However, now we realize that this choice for B leads to a conflict between the choice for B and the constraints on B imposed by A: this path has a conflict set {A,B}. Then when we backtrack we union both conflict sets and continue backtracking with {A,B,C}, finally allowing us to make a different choice for A and finding the right solution.

Goal reasons

Fair warning: this is where things get a bit intricate.

Consider the following subtle variation on the above database; it is almost exactly the same, except that instead of having two versions B-1.0 and B-2.0, we instead have two different packages Ba-1.0 and Bb-1.0; the rest of the database is identical:

A-1.0 => Ba-1.0
A-2.0 => Bb-1.0
Ba-1.0 => C-1.0
Bb-1.0 => C-2.0
C-1.0

The search tree for this database looks as follows:

As before, if we follow the left-most path through this tree, we end up in a failure node with a conflict set {B,C}; notably, this conflict set does not contain A. However, unlike in the previous tree, when we start backtracking from this failure node, we don’t get an opportunity to make any different choice for B (Bb) and we never discover that we should A to the conflict set that we are accumulating. This would mean that when we see the choice for A, we don’t reconsider it and the solver would conclude that there is no solution.

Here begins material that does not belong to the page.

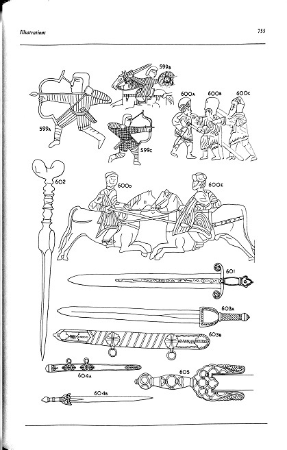 This 'jineta' form is typically seen as with downturned quillons, often heavy and elaborate extending along upper part of blade, with pommels spherical or other singular shapes, not lobated. It seems that the trilobate pommel on this French knights sword may be a holdover from the Frankish swords which of course prevailed through the Viking era, and are seen in variation on most Viking associated hilts. One reference notes that 'Frankish' swords typically had pommels of 3 to 5 rounded lobes in their pommels. While these gave way to the variations of brazil nut, tea-cosy etc of knightly swords of Middle Ages, in the Iberian Peninsula the elaborate Nasrid (jinete) type hilts became familiar. I looked through "The Archaeology of Weapons" (E.Oakeshott, 1960) and while he thoroughly classified pommel types into what has become the guidelines for descriptions used, this trilobate form is not mentioned. Type M however has the 5 lobed type listed as 1100-1325, and noted as the last survival of the 'Viking principle' of the lobed pommel (above lower guard). This of course alludes to the 'Frankish' style noted of 3 to 5 lobes. I read through "Two Swords from Gibraltar", David Nicolle (Gladius XXII, 2002, pp.147-200) which decscribes two swords of 12th c. found in "Martins Cave" by an archaeologist in 1867. These are noted as representative of the Islamic swords of Andalusian and Maghribi warriors of the 12th c. and both have hilts with spherical pommels and only slightly downturned quillons. While Berber mercenaries brought their styles of arms and tactics to the Andalusian peninsula in the 11th and 12th centuries these precluded the defined 'jineta' styles etc. which apparently fully evolved much later. The Nasrid swords with elaborate hilts and significant downturned quillons are actually derived from Ottoman and Mamluk sword hilts of 13th 14th c. This tri lobed hilt on the French sword we are discussing does seem to be somewhat of an anomaly, as I went through the entire volume of line illustrations in the comprehensive "Arms and Armour of the Crusading era 1050-1350" David Nicolle, 1988, and cannot find any corresponding example. As far as comparison to Nasrid (jinete) forms, the only thing close is the sword of St.Ferdinand of 13th c. which has a pommel which is somewhat trilobate in what has been termed a maple leaf shape. (see attached, #601). With the description by Helmut Nickel, my only suggestion toward the comparison to Chinese influence would be the trilobate patterns seen in Tibetan swords' pommels, which could only tenuously compare to this triple SPHERE pattern. I cannot say I am familiar with any such type pommel in Chinese hilts, however the 'three' element is important in most of the major religion dogma. Last edited by Jim McDougall; 17th February 2026 at 06:05 PM. |

So what is going on? One way to think about this is that actually we do have another option for the version of Bb: we can choose not to install Bb at all. After all, the only reason we are even considering Bb as a goal is because it was a dependency of A-2.0. If we make these choices explicit in the tree, it would look something like

Search tree for `Ba-1.0`, `Bb-1.0`	Search tree for `B-1.0`, `B-2.0` (for comparison)

On the left branch, choosing not to install Bb conflicts with the choice for A, since A-2.0 depends on Bb. If we express it like this, it becomes clear that when we explore this alternative choice for Bb we should add A into the conflict set we are accumulating.

The solver does not represent these “none” choices explicitly in the tree, however. Instead, whenever it is backjumping, it conservatively also adds the goal reason (the reason a goal was introduced) into the accumulated conflict set for every node it encounters as it backtracks. These goal reasons are the packages shown in parentheses in the search trees. (TODO: Isn’t this overly conservative? The tree with the explicit “none” choices suggests that it should suffice to add the goal reason for some goal into the accumulated conflict set only if that goal is part of the conflict set as well?)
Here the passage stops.